Sorry, I'm newbie in PyRosetta. I'm repeatedly moving just a small loop of the structure by directly using PyRosetta's set_phi, set_psi, set_bond_angle, and set_bond_length functions (see code below). Note that the new Internal Coordinates of the loop are already loop-closured by some external method, so only the loop region is perturbed. Since I'm not using any sofisticated PyRosetta method, are you sure that "scorefxn" is able to efficiently handle each energy calculation in my simple implementation? Should I use any other functions?

Thanks again!
- Mon

# --------------------------------------------------------
# MY LOOP ENERGY COMPUTATION SCRIPT:
# --------------------------------------------------------

# state-of-the-art Rosetta's energy
scorefxn = create_score_function('talaris2013')

# Screen all my loops
for l in range(0,nloops):

# Full copy of "pose" into "pose2"
pose2 = Pose()
pose2.assign(pose)

# These functions set new Internal Coordinates for the 10-residues loop backbone.
# They use PyRosetta methods: set_phi, set_psi, set_bond_angle, and set_bond_length
# "rri" is the start residue index of the loop within the whole protein.
update_dihedrals(pose2, dihedrals[l], rri)
update_valences(pose2, valences[l], rri)
update_lengths(pose2, lengths[l], rri)

# Re-packing loop side chains
loop_packer(pose2,scorefxn,resfile_name)

# Computing Rosetta Energy (full protein)
fullE = scorefxn(pose2)

Tue, 2014-11-18 06:11
Mon

If you to try to limit score calculations, you can look into using the eval_ci_1b(), eval_cd_1b(), eval_intrares_energy(), eval_ci_2b(), and eval_cd_2b() methods of ScoreFunction. (eval_intrares_energy() sums the intraresidue contribution of the two body energies) There's even bb-bb bb-sc and sc-sc versions of the twobody methods, if your protocol can be split out that far.
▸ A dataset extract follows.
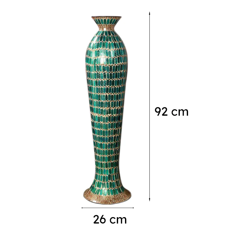 This indie-style floor vase is like a piece of art standing tall in your living room. With its conical shape and green mosaic pattern, its perfect for adding a splash of color. Who wouldnt want to spruce up their space with such a gem? And guess whatits made of metal so its durable too. But dont just take my word for it; imagine it by your couch, catching the late afternoon sun. Ah, the perfect spot for Sunday chai, windows open, breeze flowing in!

But in general, I would avoid trying that unless you can clearly demonstrate that it's the rescoring which is reducing your speed. (Note that scoring may induce internal<->cartesian coordinate updating, which can take a not-insignificant amount of time itself, but is needed independent of how you get the scores.) Off hand, I'd guess that the overhead of doing the loop over residues in Python will probably remove any time savings you'd get from only calculating scores over the residues of interest. (Although that might change if it's a really big protein and a really small loop.)

Also keep in mind the FoldTree of your pose - unless the FoldTree is set up appropriately, the coordinate changes involved with updating bond lengths, angles and dihedrals may propagate to other portions of your protein. (Which would affect scoring.)

Tue, 2014-11-18 08:29
rmoretti

Adding to Rocco's comments about the FoldTree - you will need the loop foldtree here probably so that changes do not propagate to other regions. That is likely why it seems scoring is taking a while. You will need to set a loop FoldTree, add cutpoint variants to your pose, and set the 'chainbreak' term to your scorefunction with a weight of at least 20 if you really don't want chainbreaks. You will probably need to use CCD as well after your purturbations to reconnect the loops.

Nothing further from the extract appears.